Monday, May 20, 2013

CUCUMBER PICKLES WITH CHEESE AND RYE BREAD

This recipe comes from "Gourmet," my now long-lost source for so much wonderful food. The results of its recipes were always good and sometimes spectacular. When I was in a position to buy ads from top magazines, I was once invited to lunch in the Gourmet kitchen in New York and had a chance to see all they did and to eat the delicious results. Alas, they're now gone. But their recipes linger on

This one has the advantage of being both easy to make and unusually good, a combination to which I am always attracted. I've found that one English cucumber will suffice, especially if you have other hors d'oeuvres. These can be arranged on a nice platter in the kitchen and brought to the place where you're serving cocktails. Be sure to let the cheese come to room temperature before spreading it it on the bread. I leave mine out at least an hour ahead. And cut the cucumbers very thinly. So long as they're the Engish kind, wrapped in a plastic sleeve, It isn't necessary to peel or seed them.

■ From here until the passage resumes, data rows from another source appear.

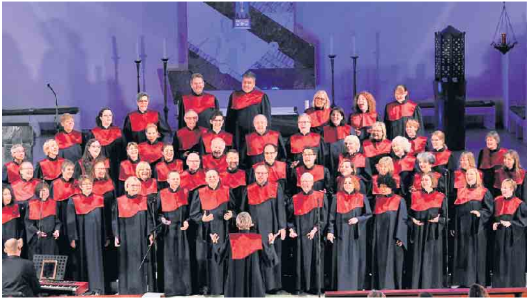
Seit 1996 ist der Chor „Wave of Joy“ mit seinen Gospelkonzerten ein gern gehörter Gast in der Region.

wechslungsreich und mitreißend. Die Stücke gehen ins Ohr, viele Lieder laden zum Klatschen oder Mitsingen ein.
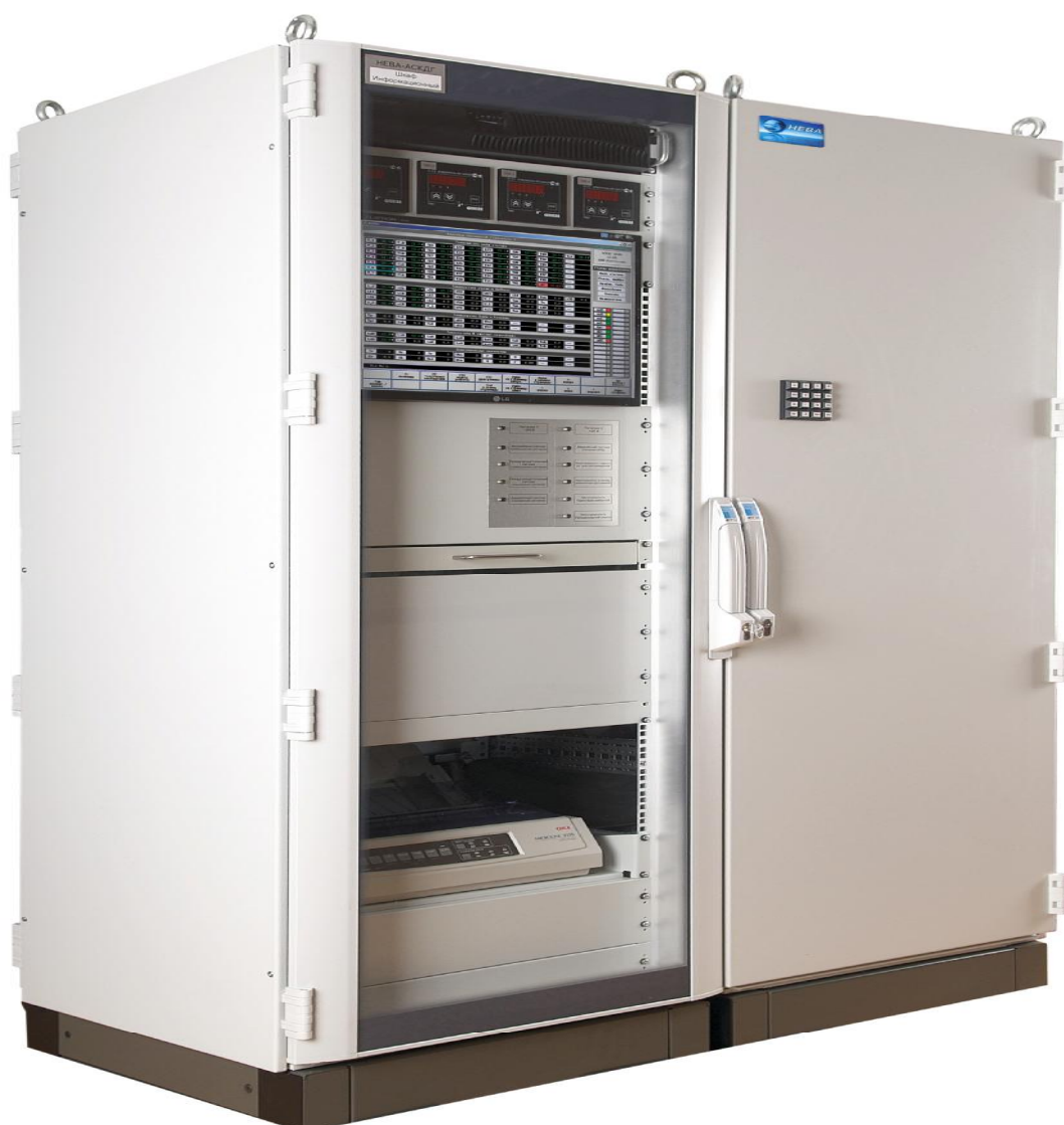
Рисунок 1- Внешний вид комплекса «НЕВА-АСКДГ»
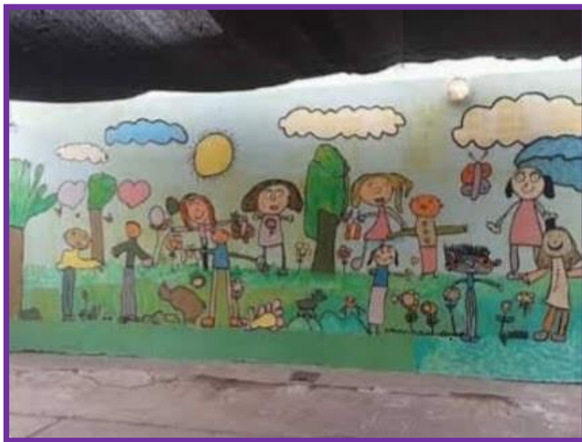
Mural pintado por docentes y alumnos del establecimiento escolar

CUCUMBER PICKLES WITH CHEESE AND RYE BREAD
serves 6-8

2 English cucumbers (1 will do)
1 t Kosher salt
1/2 C cider vinegar
1/4 C sugar
1 T dry mustard
2 t drained, bottled horseradish
1 t chopped fresh dill
1 loaf party rye bread, the square kind
6-8-oz semi-soft cheese, preferably German, such as Cambazola or Mirabo

1. Cut cucumbers croswise into 1/8 inch thick slices, prefereably on a mandolin, then toss with kosher salt in a bowl and let stand 15 minutes. Rinse and drain cucumbers and pat dry with paper towels.

2. Whisk together vinegar, sugar, mustard, horseradish and dill until sugar is dissolved. Stir in cucumbers and let stand at least 5 minutes.

3. Slice bread, slather with thin layer of cheese and place a cucumber slice on top of each slice.

Note: pickles can be made 2-4 hours ahead and chilled, covered.